Считая, он загибал пальцы и шевелил толстыми губами.
— Больше двухсот долларов, Ник. Обручальное кольцо — семьдесят пять долларов. Часы — восемьдесят долларов. Пара замшевых туфель, кое-что из одежды, браслет с бриллиантом — сто двадцать девять долларов. Да, около трехсот долларов.
— Целая куча денег, Магно.
— Она стоит этого.
— Ну, раз ты так считаешь...
— Я трачу на нее каждый цент, который зарабатываю. Я даже занял немного денег у нашего бригадира под проценты. — Он зашмыгал грязным носом. — Это стоит того, Ник.
— Конечно, конечно, Магно. Так ты хочешь, чтобы я сегодня же вечером написал ей письмо с предложением выйти за тебя замуж?
— Да, Ник. Чем скорее, тем лучше.
— А что если она передумает, когда приедет сюда, в Калифорнию?
Мимолетная тень сомнения набежала на его обезьянье лицо.
— Вряд ли Кларабель может так поступить: она добрая девушка.
— Мне хочется надеяться, что ты прав.
— Я верю ей.
Итак, я написал письмо, в котором Магно делал своей девушке предложение. Тут же от нее пришел ответ. Она сообщала, что принимает его предложение, но, к сожалению, не может пока выехать, потому что у нее тяжело больна мать. Тем не менее она просила Магно выслать ей деньги на билет и некоторые прочие расходы, чтобы, как только старой женщине станет лучше, она могла бы отправиться в путь.
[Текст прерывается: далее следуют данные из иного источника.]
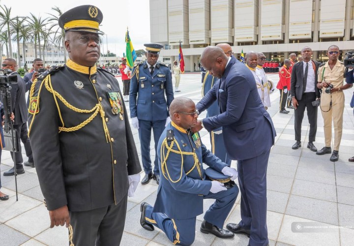 Dans la continuité de la cérémonie de prestation de serment du nouveau Gouvernement post-Transition, le Président de la République, Chef de l’État, Chef du Gouvernement et Chef suprême des Forces de Défense et de Sécurité, Brice Clotaire Oligui Nguema, a présidé ce lundi 5 janvier 2026 la cérémonie solennelle de remise de galons aux officiers généraux et supérieurs inscrits au tableau d’avancement pour l’année 2026.
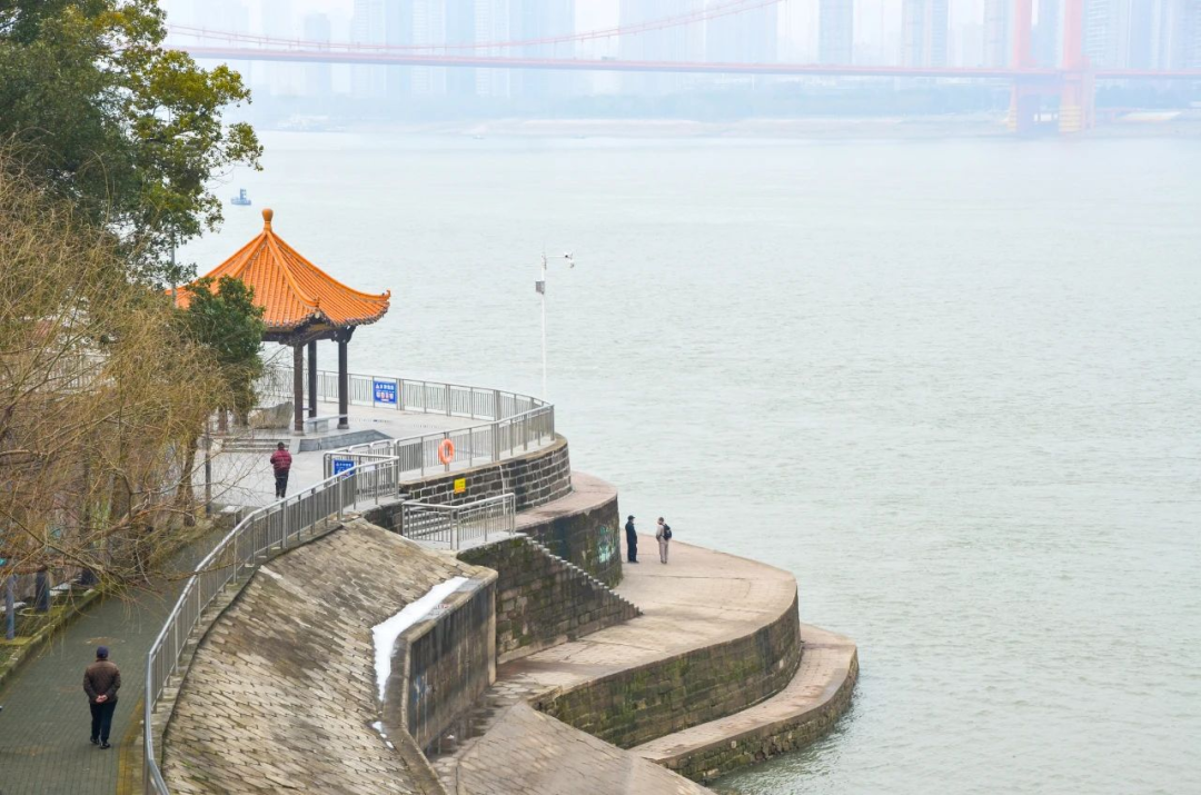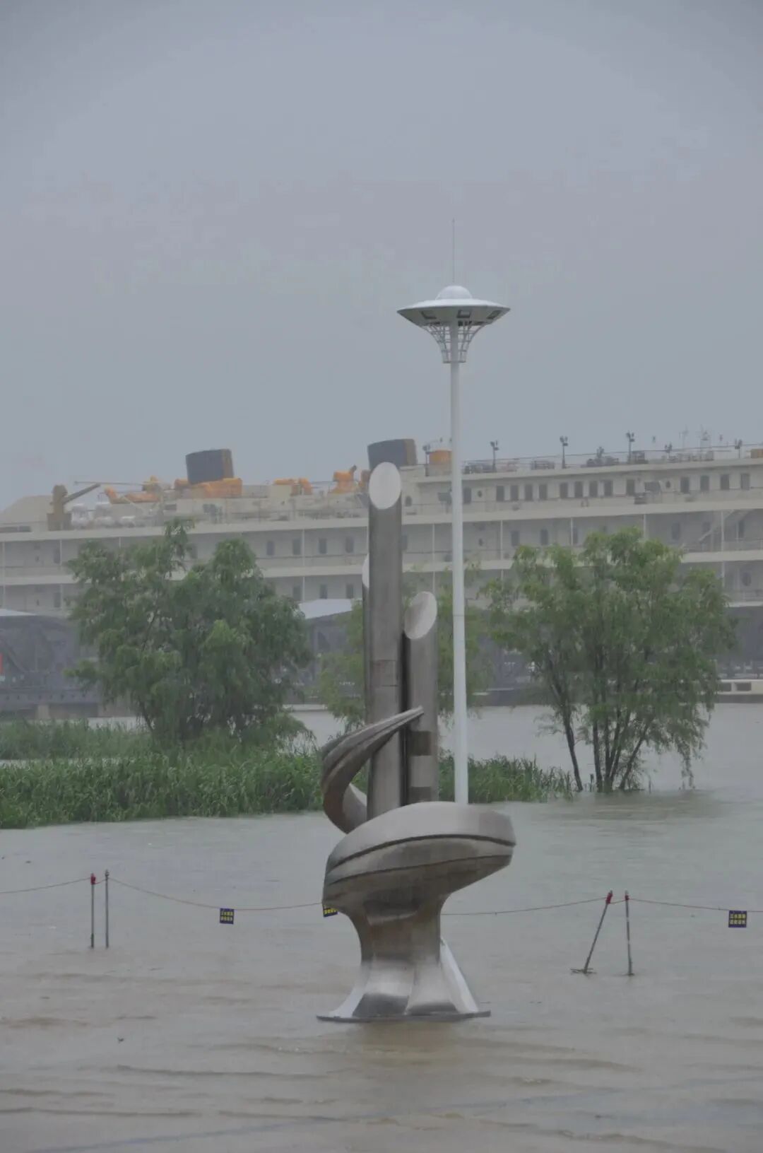 △拍摄于6月30日。江水漫上三阳广场23米亲水平台
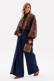 Брюки выполнены из плотного джинса. Брюки на притачном поясе, длиной до пола, расширенные к низу. Спереди верхние отлетные части, боковые карманы с фигурным входом. Застежка на пуговицу и молнию с гульфиком. На задних частях кокетки и накладные карманы. По переду брюки декорированы брендированной нашивкой из натуральной кожи. БРЮКИ м. 2898 44 46 48 50 52 54 Длина сбоку 110 110 110 111,5 111,5 111,5 Объем по талии 64-78 68/82 72/86 76/90 80/94 84/98 Объем по бедрам 106 110 114 118 122 126 Ширина пояса 4 4 4 4 4 4
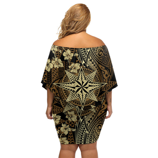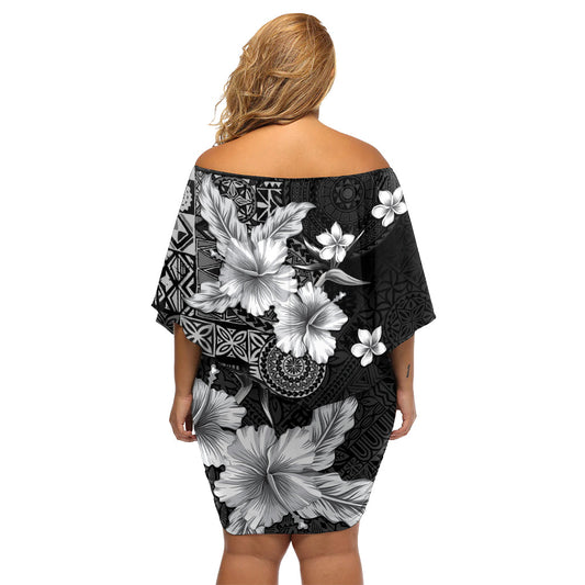 Hawaii Tapa Muster mit schwarzem Hibiskus Off Shoulder Kurzes Kleid Blumen LT05
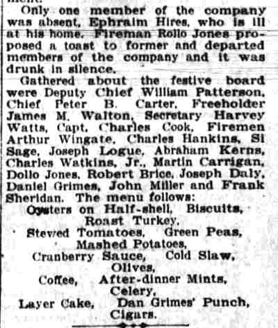Carrigan Rollo Jones Charles Cook James White Samuel Sheer Edward Finley Joseph T. Daley Joseph Ernst Seth D. Monnell William K. Buzine Charles Sturgis Samuel T. Whitezell Ephraim T. Davis J. Oscar Till Jr. John H. Vickers Frederick Morse Harry C. Anderson William Miller Engine Company 5

Деньги ей, разумеется, сразу же были высланы. Прошло несколько дней. Минули две, три недели. Наконец, пришло письмо от Кларабель. Я читал его и строчка за строчкой переводил Магно Рубио. Если кратко пересказать его, Кларабель сообщала, что мать умерла после «тяжелой, продолжительной болезни» и все присланные деньги пришлось потратить на похороны. Мало того, полная отчаяния, она писала, что отныне на ее плечи легла забота о младших братьях и сестрах, которым нет еще и десяти. Однако, добавляла она, ее сердце по-прежнему принадлежит ему, и она с надеждой смотрит в будущее, мечтая о том дне, когда окажется свободной от семейных обязательств.
— Бедная девушка, — печально прокомментировал письмо Магно Рубио.
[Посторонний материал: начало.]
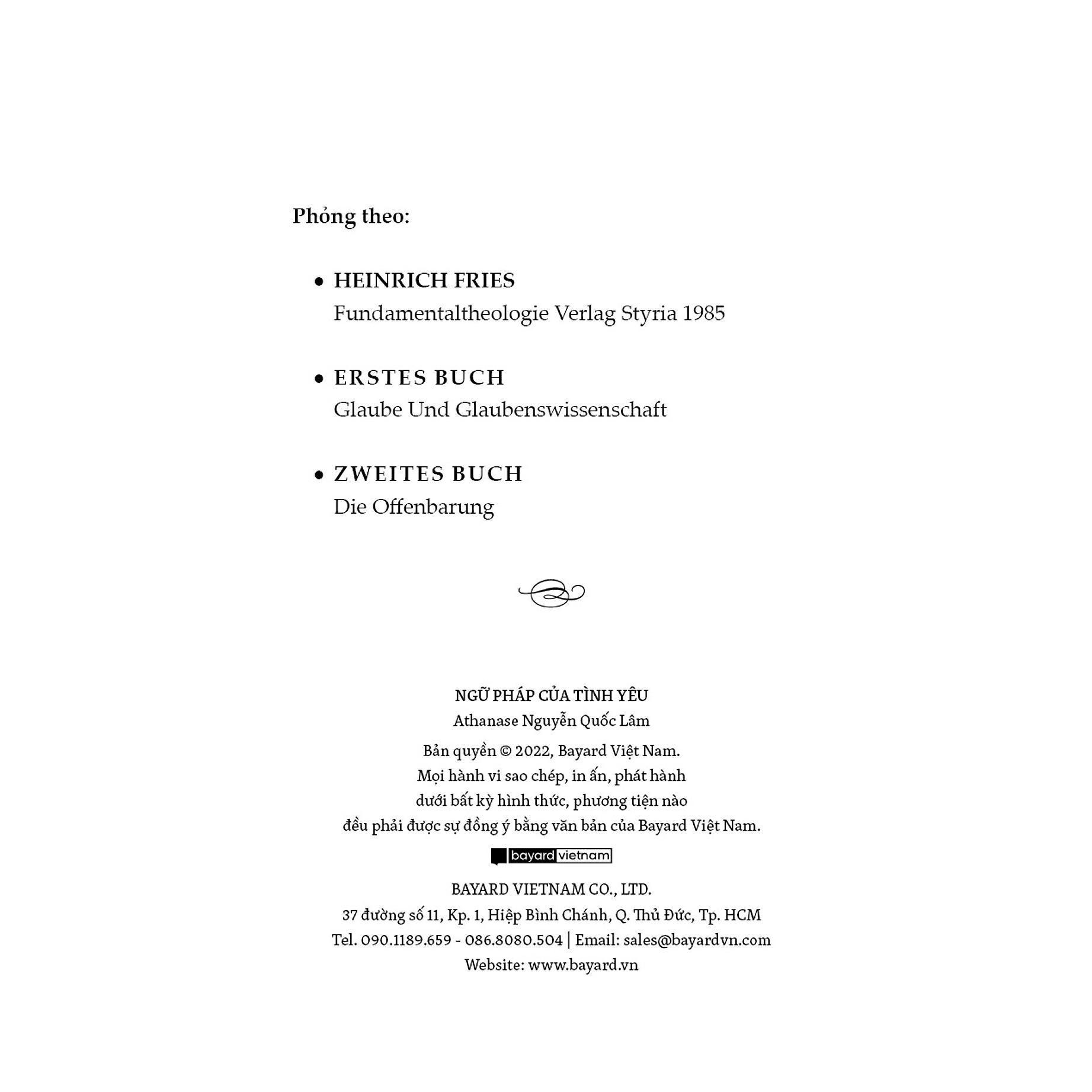 “Ngữ Pháp của tình yêu” được biên soạn như một phỏng tác dựa trên cuốn I và II trong tác phẩm “Thần Học Cơ Bản” (Fundamentaltheologie) của Heinrich Fries, với mong ước cho thấy Đức Giêsu Kitô vừa là tột đỉnh của niềm tin vào Thiên Chúa trên bình diện nhân linh vừa là sự hoàn tất mạc khải tình yêu của Thiên Chúa dành cho nhân loại. Nói đúng hơn, Đức Kitô chính là Lời trọn vẹn của Thiên Chúa (Wort) và cũng chính Đức Kitô mang lấy mọi người và từng người chúng ta trong Lời Đáp (Antwort) trọn vẹn của Ngài trên Thập Giá.
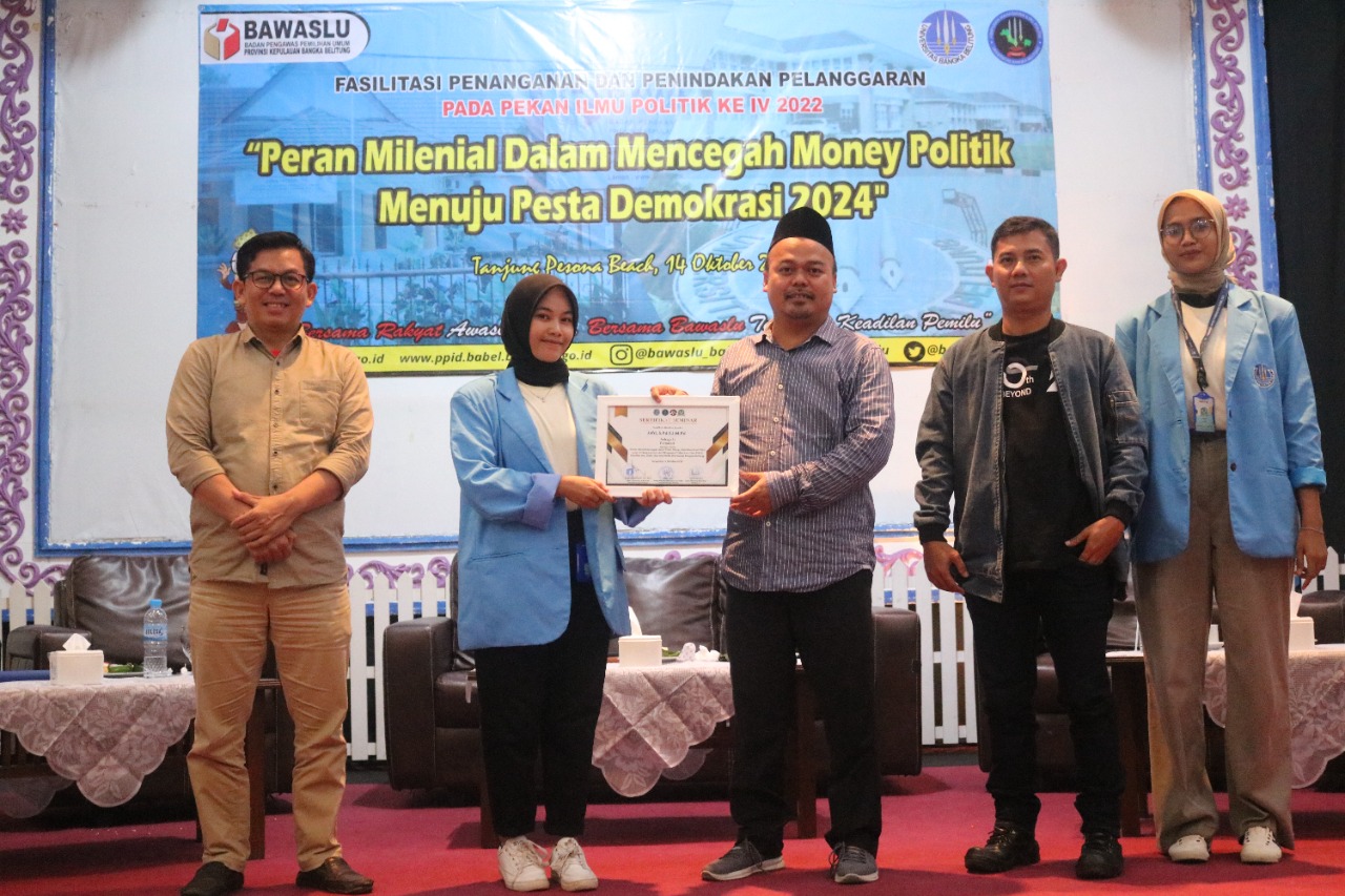 Sungailiat, Babel.Bawaslu.go.id -- Badan Pengawas Pemilihan Umum Provinsi Kepulauan Bangka Belitung (Bawaslu Babel) bekerja sama dengan Himpunan Mahasiswa Ilmu Politik (Himapol) FISIP UBB menggelar Seminar bertajuk "Peran Milenial dalam Mencegah Money Politic Menuju Pesta Demokrasi 2024" yang berlangsung di Ballroom Tanjung Pesona Hotel, Sungailiat, Bangka, Jumat (14/10/2022).

И больше он не сказал ничего. Мы, как и прежде, писали ей письма. Время от времени по ее просьбе посылали деньги, а еще одежду для малолетних братьев и сестер. Магно Рубио ни на что не жаловался. Ни одного слова протеста, никаких возражений. Помолвка с девушкой из Арканзаса сделала его еще более трудолюбивым и экономным. Он даже стал экономить на жевательном табаке. Эта жертва могла сравниться только с теми, на которые идут фанатичные южнофилиппинские мусульмане — моро, давшие обет священной войны с христианами, чтобы попасть прямиком в рай. И разумеется, он снова облачился в лохмотья.